▶ Activity:
Once you find the line with "Purple Wave is" in the data below, transcribe exactly each line from there to the line with "真实传给函数的参数,叫实参,实参可以是:常量,变量,表达", inclusive, and nothing else. Drop the pictures.

▶ Information given:
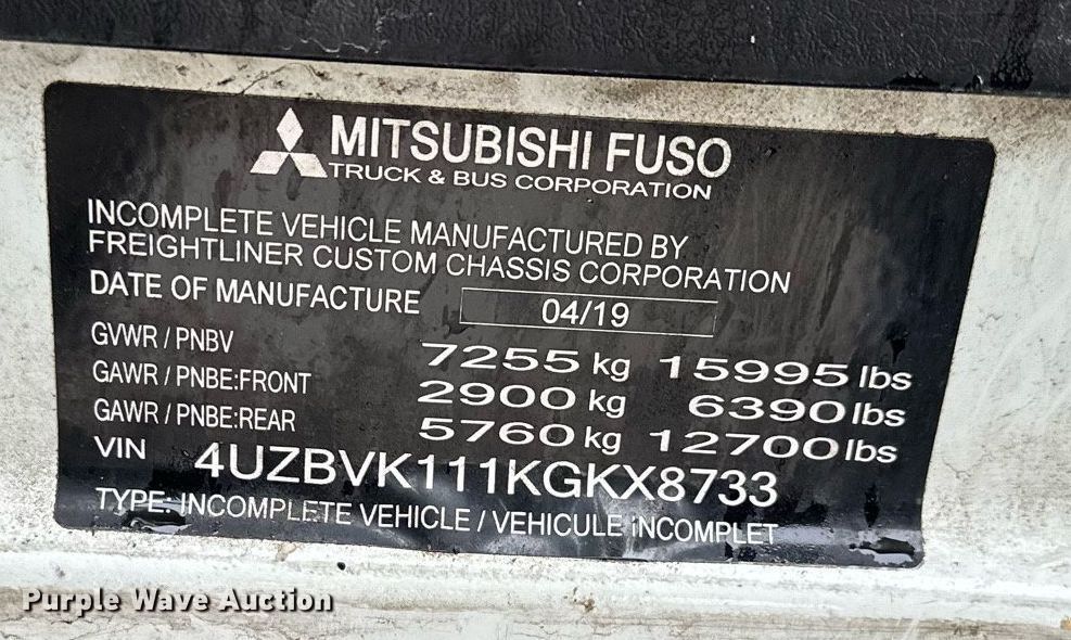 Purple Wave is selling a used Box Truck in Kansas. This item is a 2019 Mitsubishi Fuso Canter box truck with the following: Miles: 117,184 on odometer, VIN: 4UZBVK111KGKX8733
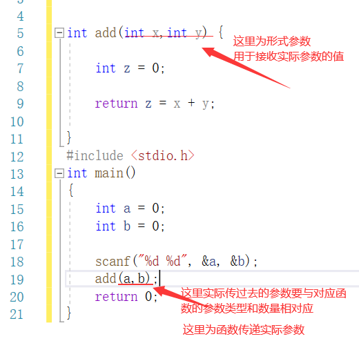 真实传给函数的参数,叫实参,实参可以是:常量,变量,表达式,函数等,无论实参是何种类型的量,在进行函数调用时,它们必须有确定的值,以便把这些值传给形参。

---

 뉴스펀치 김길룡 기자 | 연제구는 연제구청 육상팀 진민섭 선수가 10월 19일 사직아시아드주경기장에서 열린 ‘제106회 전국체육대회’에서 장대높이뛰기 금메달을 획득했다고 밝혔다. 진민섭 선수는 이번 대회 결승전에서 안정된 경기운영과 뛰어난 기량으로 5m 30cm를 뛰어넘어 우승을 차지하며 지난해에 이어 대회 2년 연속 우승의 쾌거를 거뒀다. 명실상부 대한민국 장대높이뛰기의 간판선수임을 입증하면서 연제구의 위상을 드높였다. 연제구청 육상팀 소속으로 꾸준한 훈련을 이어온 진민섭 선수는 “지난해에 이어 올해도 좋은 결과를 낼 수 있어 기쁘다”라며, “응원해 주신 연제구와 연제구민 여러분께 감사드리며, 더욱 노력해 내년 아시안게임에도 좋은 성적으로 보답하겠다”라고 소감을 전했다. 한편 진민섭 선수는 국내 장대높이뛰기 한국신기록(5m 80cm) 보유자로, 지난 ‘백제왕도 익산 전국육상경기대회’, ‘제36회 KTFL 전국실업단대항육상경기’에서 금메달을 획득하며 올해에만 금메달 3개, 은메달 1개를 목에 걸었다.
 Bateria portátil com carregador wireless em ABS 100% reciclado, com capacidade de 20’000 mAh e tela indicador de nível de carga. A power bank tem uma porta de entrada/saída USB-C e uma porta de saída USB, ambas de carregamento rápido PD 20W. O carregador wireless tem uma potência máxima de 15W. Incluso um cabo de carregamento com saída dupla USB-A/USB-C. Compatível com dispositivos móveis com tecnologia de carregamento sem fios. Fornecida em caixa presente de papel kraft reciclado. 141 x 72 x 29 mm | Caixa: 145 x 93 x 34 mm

==

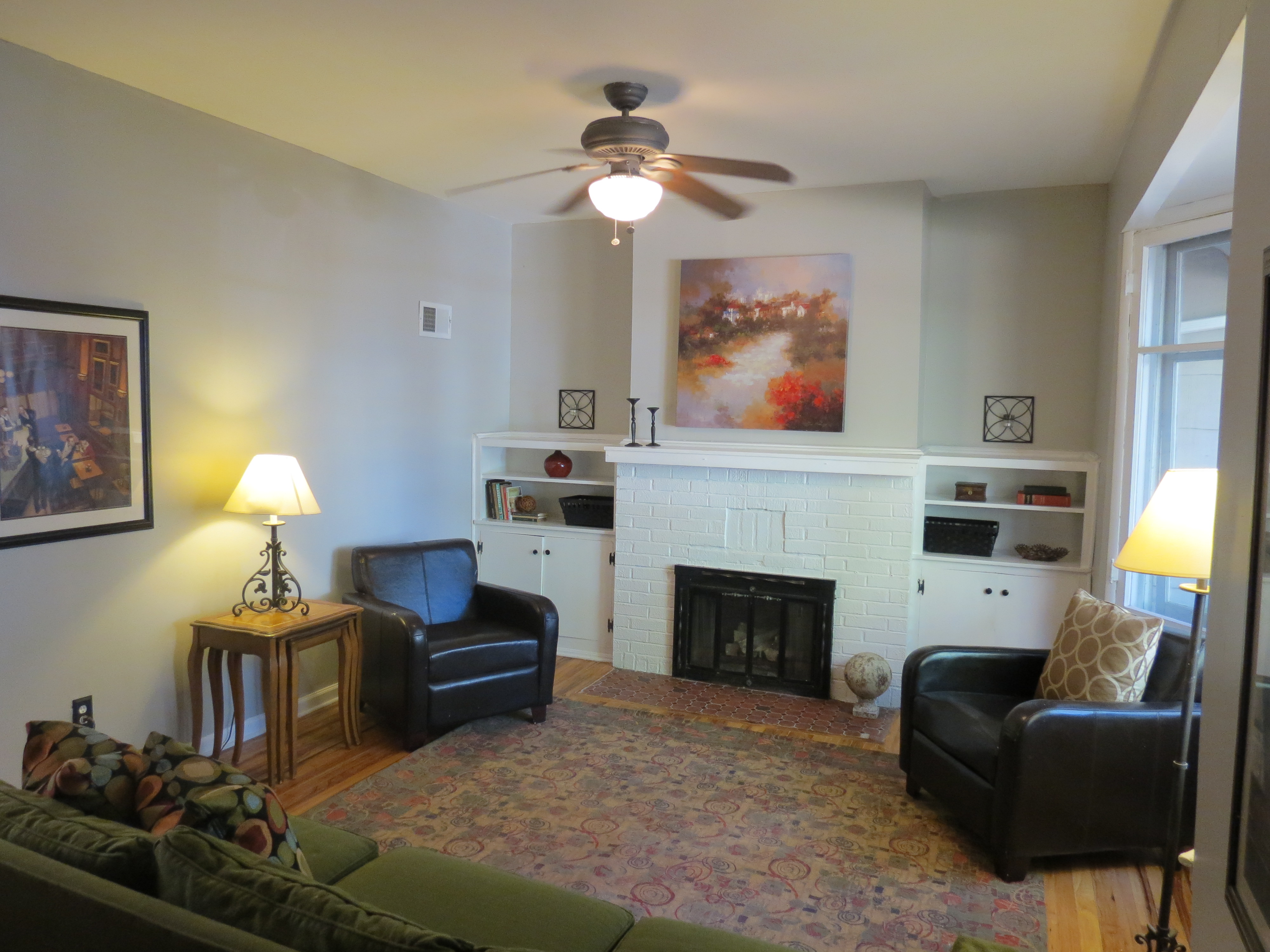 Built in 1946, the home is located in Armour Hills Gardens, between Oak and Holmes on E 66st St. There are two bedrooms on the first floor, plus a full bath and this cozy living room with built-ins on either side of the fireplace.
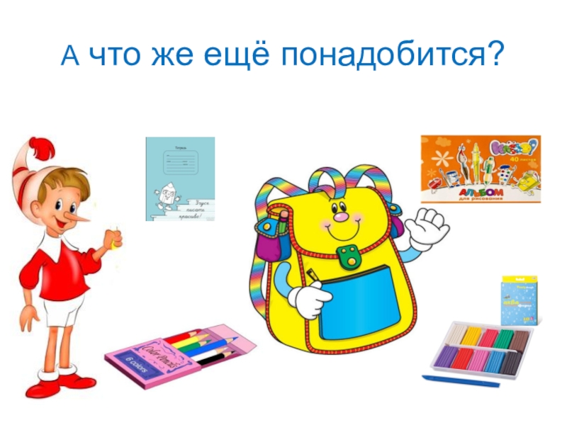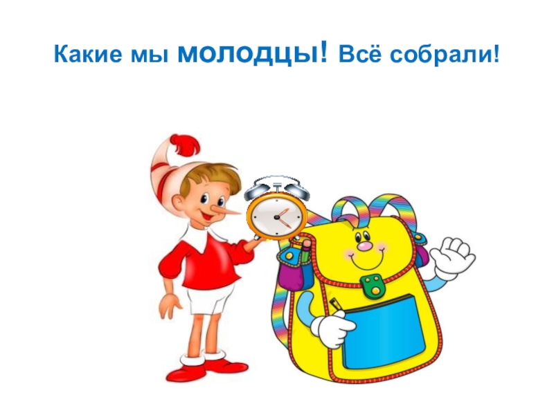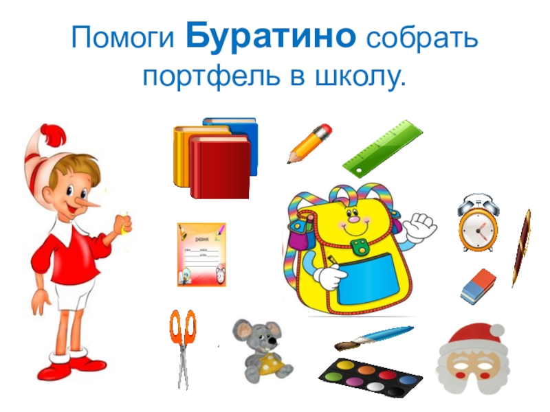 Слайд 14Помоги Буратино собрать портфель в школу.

▶ Problem solution:
 Purple Wave is selling a used Box Truck in Kansas. This item is a 2019 Mitsubishi Fuso Canter box truck with the following: Miles: 117,184 on odometer, VIN: 4UZBVK111KGKX8733
 真实传给函数的参数,叫实参,实参可以是:常量,变量,表达式,函数等,无论实参是何种类型的量,在进行函数调用时,它们必须有确定的值,以便把这些值传给形参。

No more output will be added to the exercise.